_YOUR GOAL_
Starting with the line that has "2) С В8с, нам" in the records below and stopping after the line that has "2、战斗过程中留意每个按键的", output every line exactly and nothing else; skip pictures.

_DATA RECORDS_
....

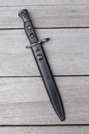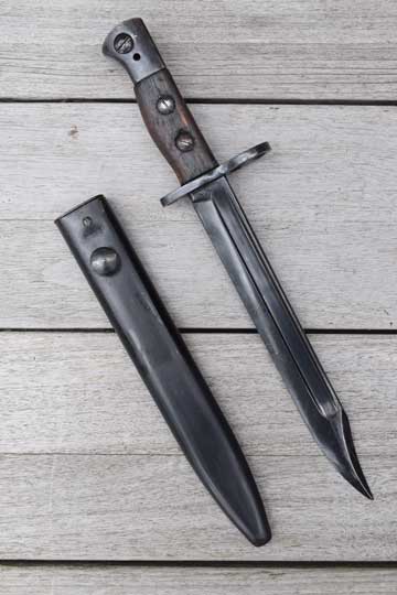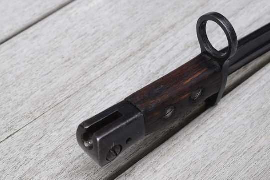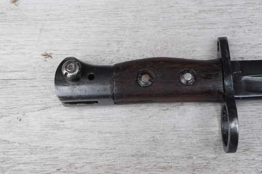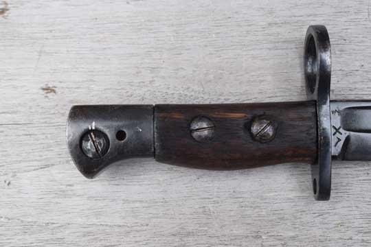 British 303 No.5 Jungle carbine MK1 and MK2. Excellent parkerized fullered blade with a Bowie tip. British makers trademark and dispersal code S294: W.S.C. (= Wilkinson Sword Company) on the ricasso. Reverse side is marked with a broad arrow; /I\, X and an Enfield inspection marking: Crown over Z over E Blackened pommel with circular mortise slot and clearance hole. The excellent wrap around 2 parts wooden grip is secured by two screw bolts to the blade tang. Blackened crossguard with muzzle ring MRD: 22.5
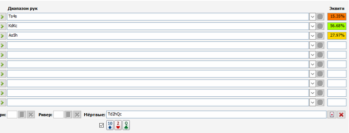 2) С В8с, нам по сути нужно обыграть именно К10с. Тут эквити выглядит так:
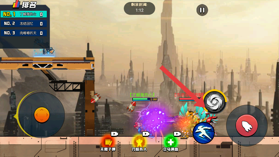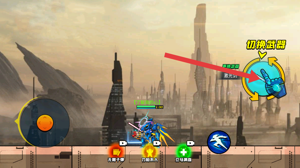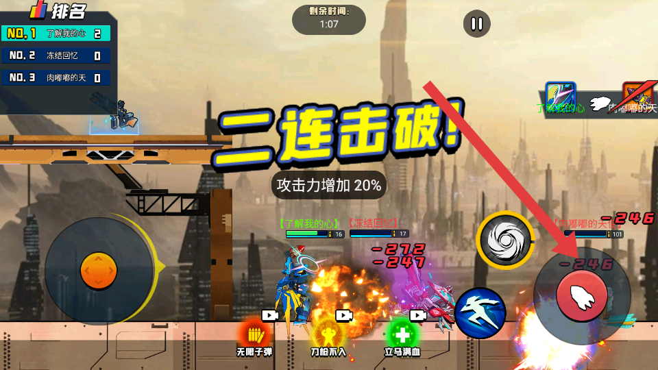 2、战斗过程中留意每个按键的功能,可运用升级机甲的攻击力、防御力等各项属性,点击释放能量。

....

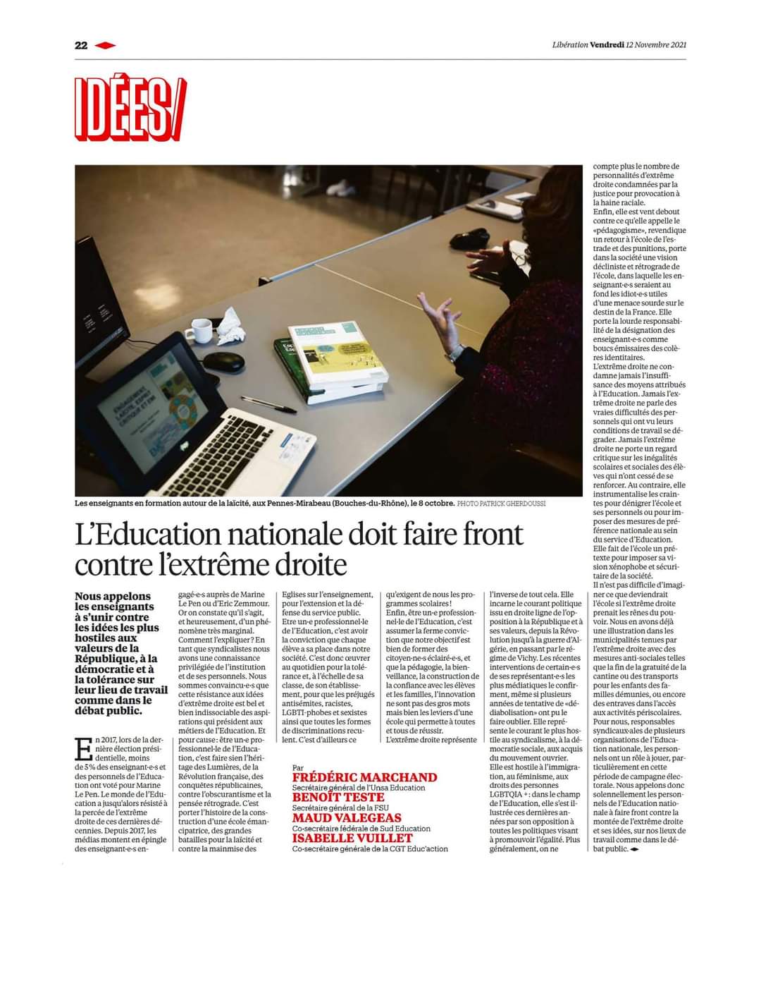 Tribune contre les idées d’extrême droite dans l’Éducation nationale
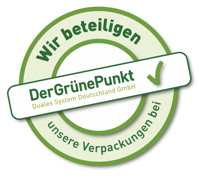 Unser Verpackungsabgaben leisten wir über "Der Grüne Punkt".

....

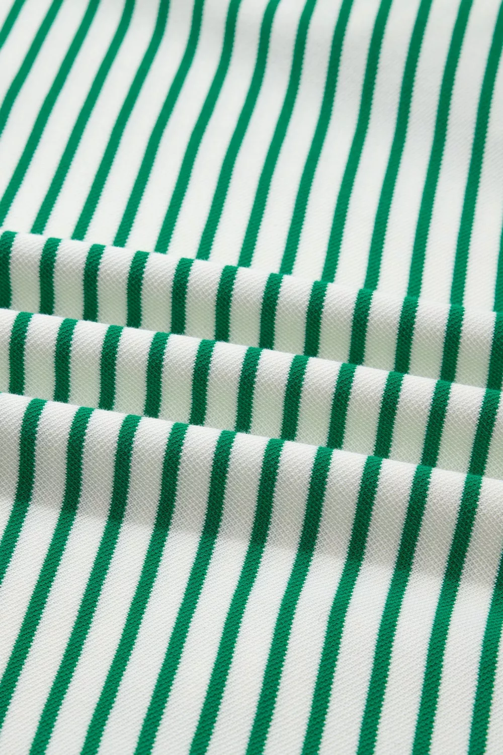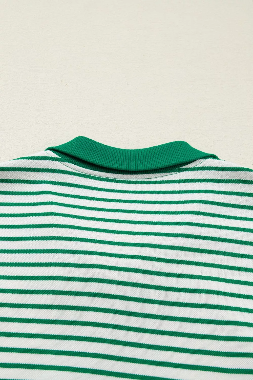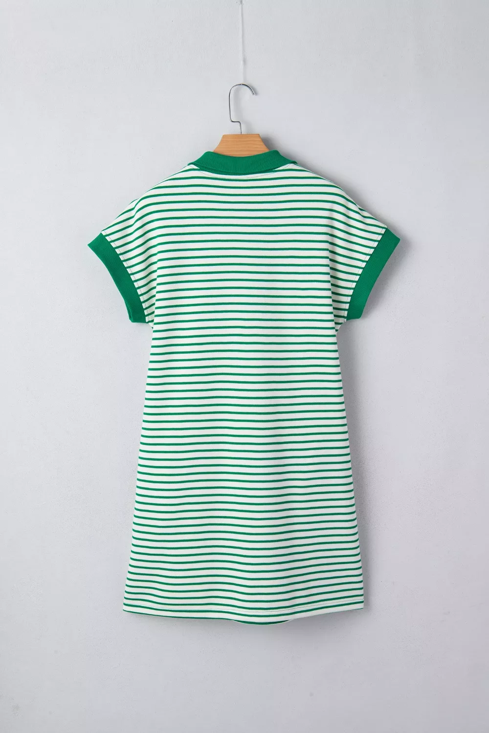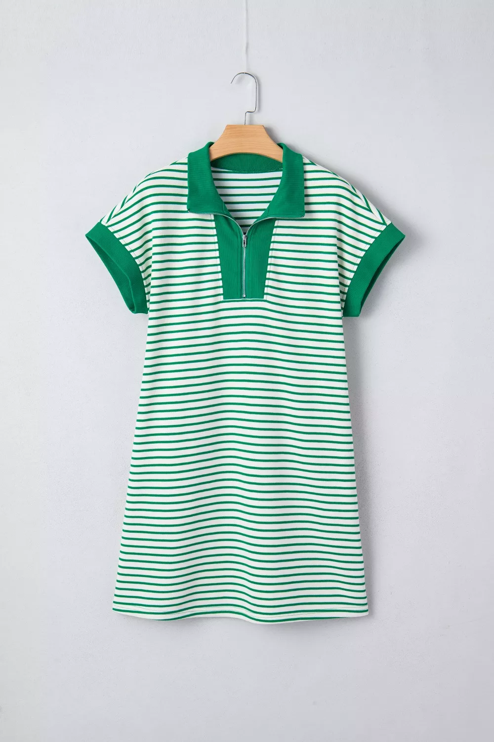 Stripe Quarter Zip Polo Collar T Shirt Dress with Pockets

....

_RESPONSE_
 2) С В8с, нам по сути нужно обыграть именно К10с. Тут эквити выглядит так:
 2、战斗过程中留意每个按键的功能,可运用升级机甲的攻击力、防御力等各项属性,点击释放能量。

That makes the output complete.